* **RECORDS SUPPLIED**
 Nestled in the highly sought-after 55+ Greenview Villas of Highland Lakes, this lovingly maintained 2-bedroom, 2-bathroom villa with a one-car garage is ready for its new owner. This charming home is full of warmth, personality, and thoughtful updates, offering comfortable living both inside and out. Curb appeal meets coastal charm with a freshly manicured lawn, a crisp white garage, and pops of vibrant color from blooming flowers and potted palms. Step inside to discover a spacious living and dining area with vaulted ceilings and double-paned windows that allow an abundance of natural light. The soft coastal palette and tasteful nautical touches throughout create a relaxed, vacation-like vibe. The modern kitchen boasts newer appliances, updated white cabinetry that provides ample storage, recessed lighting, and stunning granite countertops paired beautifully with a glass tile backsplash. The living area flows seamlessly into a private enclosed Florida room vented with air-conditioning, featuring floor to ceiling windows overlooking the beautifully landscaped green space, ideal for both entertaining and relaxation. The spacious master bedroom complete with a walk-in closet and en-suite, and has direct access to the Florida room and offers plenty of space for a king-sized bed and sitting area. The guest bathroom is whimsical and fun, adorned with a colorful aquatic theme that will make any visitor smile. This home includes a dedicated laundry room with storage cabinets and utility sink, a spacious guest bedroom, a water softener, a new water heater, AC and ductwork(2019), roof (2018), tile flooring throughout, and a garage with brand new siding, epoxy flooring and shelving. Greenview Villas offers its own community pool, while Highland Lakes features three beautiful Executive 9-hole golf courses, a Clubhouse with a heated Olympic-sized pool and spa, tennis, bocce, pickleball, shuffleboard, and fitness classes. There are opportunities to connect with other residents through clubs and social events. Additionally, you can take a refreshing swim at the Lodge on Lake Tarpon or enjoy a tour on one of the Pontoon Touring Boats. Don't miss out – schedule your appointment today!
--
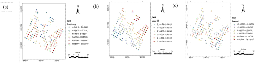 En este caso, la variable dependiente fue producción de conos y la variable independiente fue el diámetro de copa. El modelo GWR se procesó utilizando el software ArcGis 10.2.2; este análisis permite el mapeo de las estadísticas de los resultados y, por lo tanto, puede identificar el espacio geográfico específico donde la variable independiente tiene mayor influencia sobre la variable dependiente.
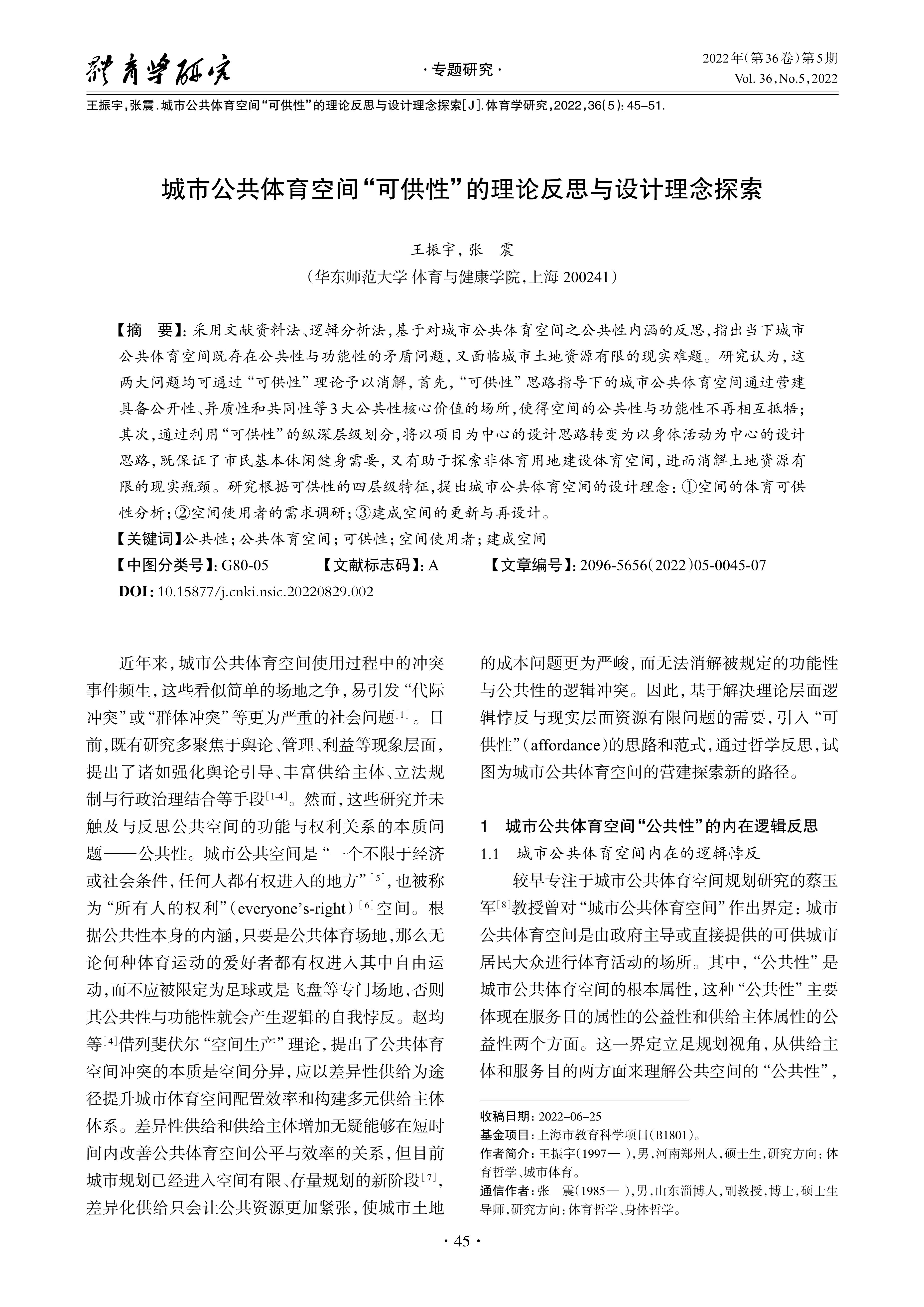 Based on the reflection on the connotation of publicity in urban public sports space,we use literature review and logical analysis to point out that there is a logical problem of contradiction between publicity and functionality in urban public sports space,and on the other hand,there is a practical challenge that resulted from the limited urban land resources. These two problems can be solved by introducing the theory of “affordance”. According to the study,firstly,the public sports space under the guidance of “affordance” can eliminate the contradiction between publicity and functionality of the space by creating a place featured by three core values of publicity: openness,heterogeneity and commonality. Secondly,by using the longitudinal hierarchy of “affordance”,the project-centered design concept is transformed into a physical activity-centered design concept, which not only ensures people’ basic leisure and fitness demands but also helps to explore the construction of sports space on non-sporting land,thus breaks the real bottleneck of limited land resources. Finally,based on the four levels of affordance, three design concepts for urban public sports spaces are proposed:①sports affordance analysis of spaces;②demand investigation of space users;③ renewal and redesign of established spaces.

* **TASK DETAILS**
Would you print exactly the lines in the listing above, from the line bearing "En este caso, la" through the line bearing "Based on the reflection", leaving out all pictures?

* **SOLVED PROBLEM**
 En este caso, la variable dependiente fue producción de conos y la variable independiente fue el diámetro de copa. El modelo GWR se procesó utilizando el software ArcGis 10.2.2; este análisis permite el mapeo de las estadísticas de los resultados y, por lo tanto, puede identificar el espacio geográfico específico donde la variable independiente tiene mayor influencia sobre la variable dependiente.
 Based on the reflection on the connotation of publicity in urban public sports space,we use literature review and logical analysis to point out that there is a logical problem of contradiction between publicity and functionality in urban public sports space,and on the other hand,there is a practical challenge that resulted from the limited urban land resources. These two problems can be solved by introducing the theory of “affordance”. According to the study,firstly,the public sports space under the guidance of “affordance” can eliminate the contradiction between publicity and functionality of the space by creating a place featured by three core values of publicity: openness,heterogeneity and commonality. Secondly,by using the longitudinal hierarchy of “affordance”,the project-centered design concept is transformed into a physical activity-centered design concept, which not only ensures people’ basic leisure and fitness demands but also helps to explore the construction of sports space on non-sporting land,thus breaks the real bottleneck of limited land resources. Finally,based on the four levels of affordance, three design concepts for urban public sports spaces are proposed:①sports affordance analysis of spaces;②demand investigation of space users;③ renewal and redesign of established spaces.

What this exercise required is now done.